**Aim of the task:**
Please give back, exactly as written, the lines from the line with "ヘコむあだ名 | 『とめさぶろう(苦笑)』『とめもー』 |" to the line with "Classic Santa Fe" in the listing below, leaving out all pictures.

**Data extract:**
★ ★ ★
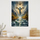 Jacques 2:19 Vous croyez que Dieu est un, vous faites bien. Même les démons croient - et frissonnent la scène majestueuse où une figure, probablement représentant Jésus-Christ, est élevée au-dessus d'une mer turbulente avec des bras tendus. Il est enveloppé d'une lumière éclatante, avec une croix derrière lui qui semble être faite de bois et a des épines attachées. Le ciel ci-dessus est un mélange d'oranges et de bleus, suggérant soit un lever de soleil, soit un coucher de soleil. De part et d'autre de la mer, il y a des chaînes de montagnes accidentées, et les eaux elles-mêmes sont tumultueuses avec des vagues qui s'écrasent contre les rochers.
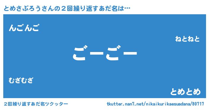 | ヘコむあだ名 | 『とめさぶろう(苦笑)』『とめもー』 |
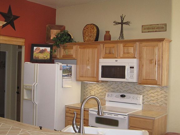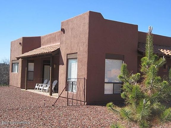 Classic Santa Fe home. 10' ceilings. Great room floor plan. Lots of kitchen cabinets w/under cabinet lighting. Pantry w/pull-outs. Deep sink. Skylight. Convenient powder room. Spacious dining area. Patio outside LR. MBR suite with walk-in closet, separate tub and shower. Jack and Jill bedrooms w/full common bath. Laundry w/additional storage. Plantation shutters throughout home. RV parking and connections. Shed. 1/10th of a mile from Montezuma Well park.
★ ★ ★
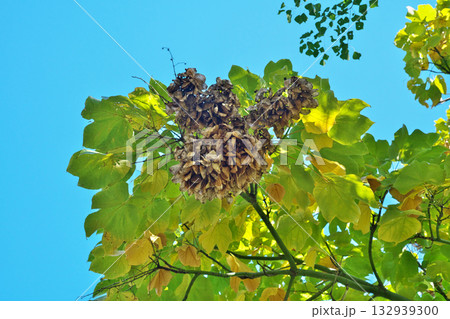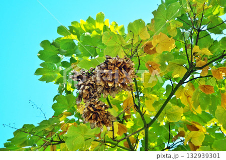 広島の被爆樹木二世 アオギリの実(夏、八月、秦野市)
★ ★ ★
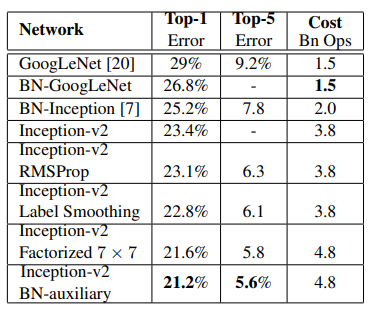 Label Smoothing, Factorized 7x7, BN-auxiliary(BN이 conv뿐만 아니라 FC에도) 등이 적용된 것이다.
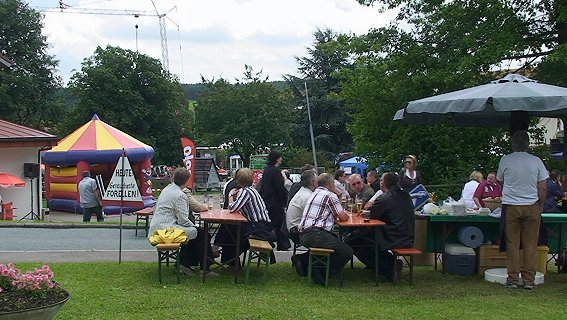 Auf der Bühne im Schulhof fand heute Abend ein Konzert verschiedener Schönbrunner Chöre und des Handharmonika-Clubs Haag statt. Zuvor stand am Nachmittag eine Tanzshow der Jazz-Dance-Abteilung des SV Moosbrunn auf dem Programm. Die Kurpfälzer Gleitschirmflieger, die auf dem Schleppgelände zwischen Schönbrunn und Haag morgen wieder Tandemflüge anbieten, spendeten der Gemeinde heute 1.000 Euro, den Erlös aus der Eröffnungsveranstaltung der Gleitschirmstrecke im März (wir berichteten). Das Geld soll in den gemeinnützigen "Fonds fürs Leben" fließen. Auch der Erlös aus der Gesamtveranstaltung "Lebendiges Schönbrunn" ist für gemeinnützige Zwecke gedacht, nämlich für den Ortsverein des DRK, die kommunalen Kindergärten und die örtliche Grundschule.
★ ★ ★
**The completed task:**
 | ヘコむあだ名 | 『とめさぶろう(苦笑)』『とめもー』 |
 Classic Santa Fe home. 10' ceilings. Great room floor plan. Lots of kitchen cabinets w/under cabinet lighting. Pantry w/pull-outs. Deep sink. Skylight. Convenient powder room. Spacious dining area. Patio outside LR. MBR suite with walk-in closet, separate tub and shower. Jack and Jill bedrooms w/full common bath. Laundry w/additional storage. Plantation shutters throughout home. RV parking and connections. Shed. 1/10th of a mile from Montezuma Well park.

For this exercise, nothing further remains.